## Exercise objective:
What is wanted is every line below from the one with "Пьяный водитель в" up to and including the one with "So I bought", retyped exactly, pictures excluded, nothing else.

## Records shown:
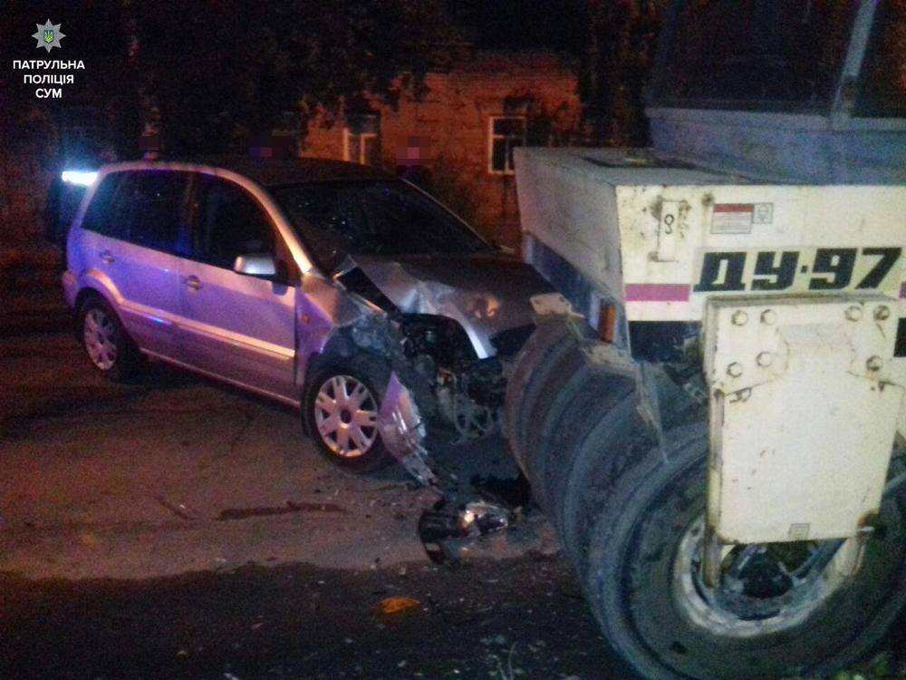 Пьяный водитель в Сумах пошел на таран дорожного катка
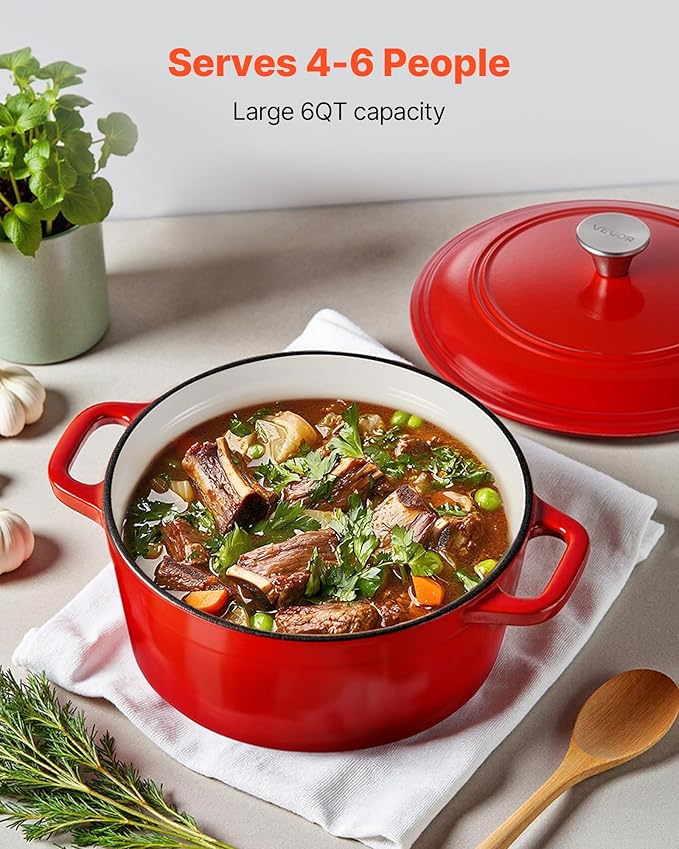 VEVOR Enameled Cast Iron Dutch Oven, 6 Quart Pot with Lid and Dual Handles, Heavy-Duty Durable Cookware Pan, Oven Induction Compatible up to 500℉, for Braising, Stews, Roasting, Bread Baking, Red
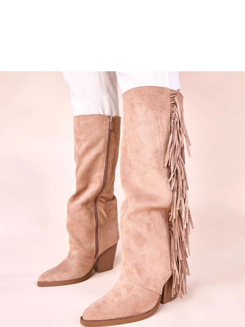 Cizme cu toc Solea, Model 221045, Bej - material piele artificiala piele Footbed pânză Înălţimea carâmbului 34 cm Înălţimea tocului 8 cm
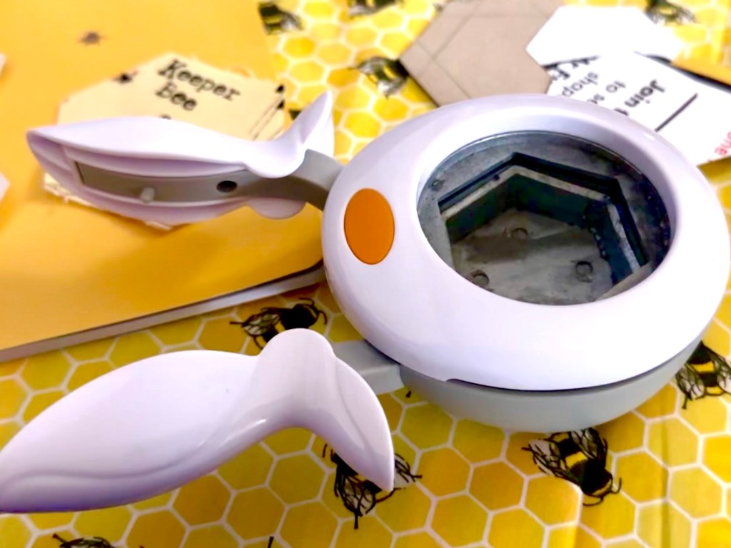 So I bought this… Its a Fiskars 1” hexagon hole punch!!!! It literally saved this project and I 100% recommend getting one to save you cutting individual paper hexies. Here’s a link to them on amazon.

==

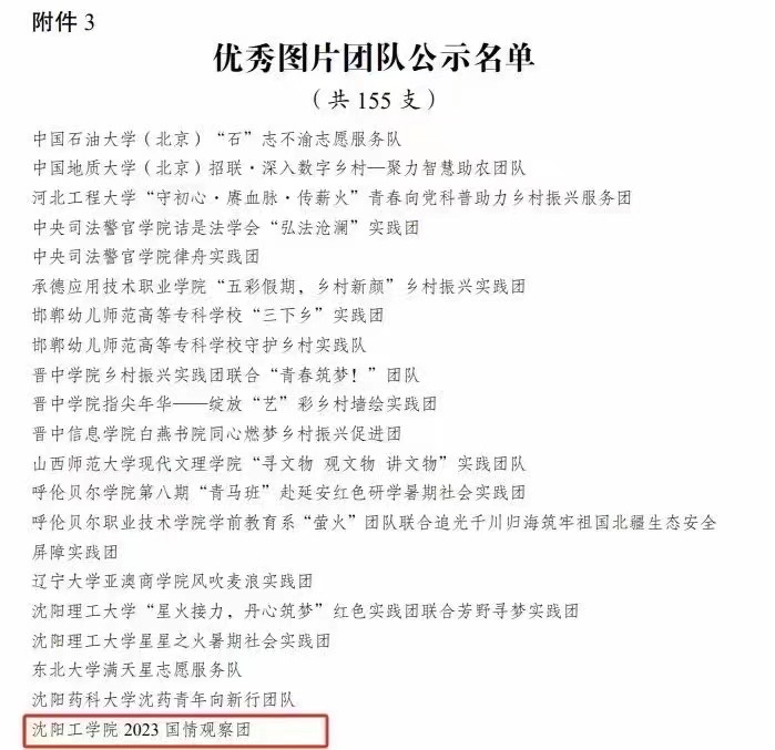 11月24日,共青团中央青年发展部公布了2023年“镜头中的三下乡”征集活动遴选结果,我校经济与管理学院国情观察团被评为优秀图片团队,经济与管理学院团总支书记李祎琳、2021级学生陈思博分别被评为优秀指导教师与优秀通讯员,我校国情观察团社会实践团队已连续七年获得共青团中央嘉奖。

* * *

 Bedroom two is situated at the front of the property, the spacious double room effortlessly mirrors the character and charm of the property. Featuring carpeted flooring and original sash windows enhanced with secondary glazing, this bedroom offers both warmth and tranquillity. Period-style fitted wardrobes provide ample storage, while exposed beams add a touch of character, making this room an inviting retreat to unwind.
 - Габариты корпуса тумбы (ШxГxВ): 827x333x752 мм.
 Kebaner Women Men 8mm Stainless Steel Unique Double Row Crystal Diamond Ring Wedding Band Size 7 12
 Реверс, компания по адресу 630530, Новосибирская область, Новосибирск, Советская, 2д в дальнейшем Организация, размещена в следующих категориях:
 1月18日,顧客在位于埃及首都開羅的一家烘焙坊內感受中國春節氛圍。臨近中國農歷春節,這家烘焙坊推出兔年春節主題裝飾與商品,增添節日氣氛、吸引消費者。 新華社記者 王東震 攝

## Result:
 Пьяный водитель в Сумах пошел на таран дорожного катка
 VEVOR Enameled Cast Iron Dutch Oven, 6 Quart Pot with Lid and Dual Handles, Heavy-Duty Durable Cookware Pan, Oven Induction Compatible up to 500℉, for Braising, Stews, Roasting, Bread Baking, Red
 Cizme cu toc Solea, Model 221045, Bej - material piele artificiala piele Footbed pânză Înălţimea carâmbului 34 cm Înălţimea tocului 8 cm
 So I bought this… Its a Fiskars 1” hexagon hole punch!!!! It literally saved this project and I 100% recommend getting one to save you cutting individual paper hexies. Here’s a link to them on amazon.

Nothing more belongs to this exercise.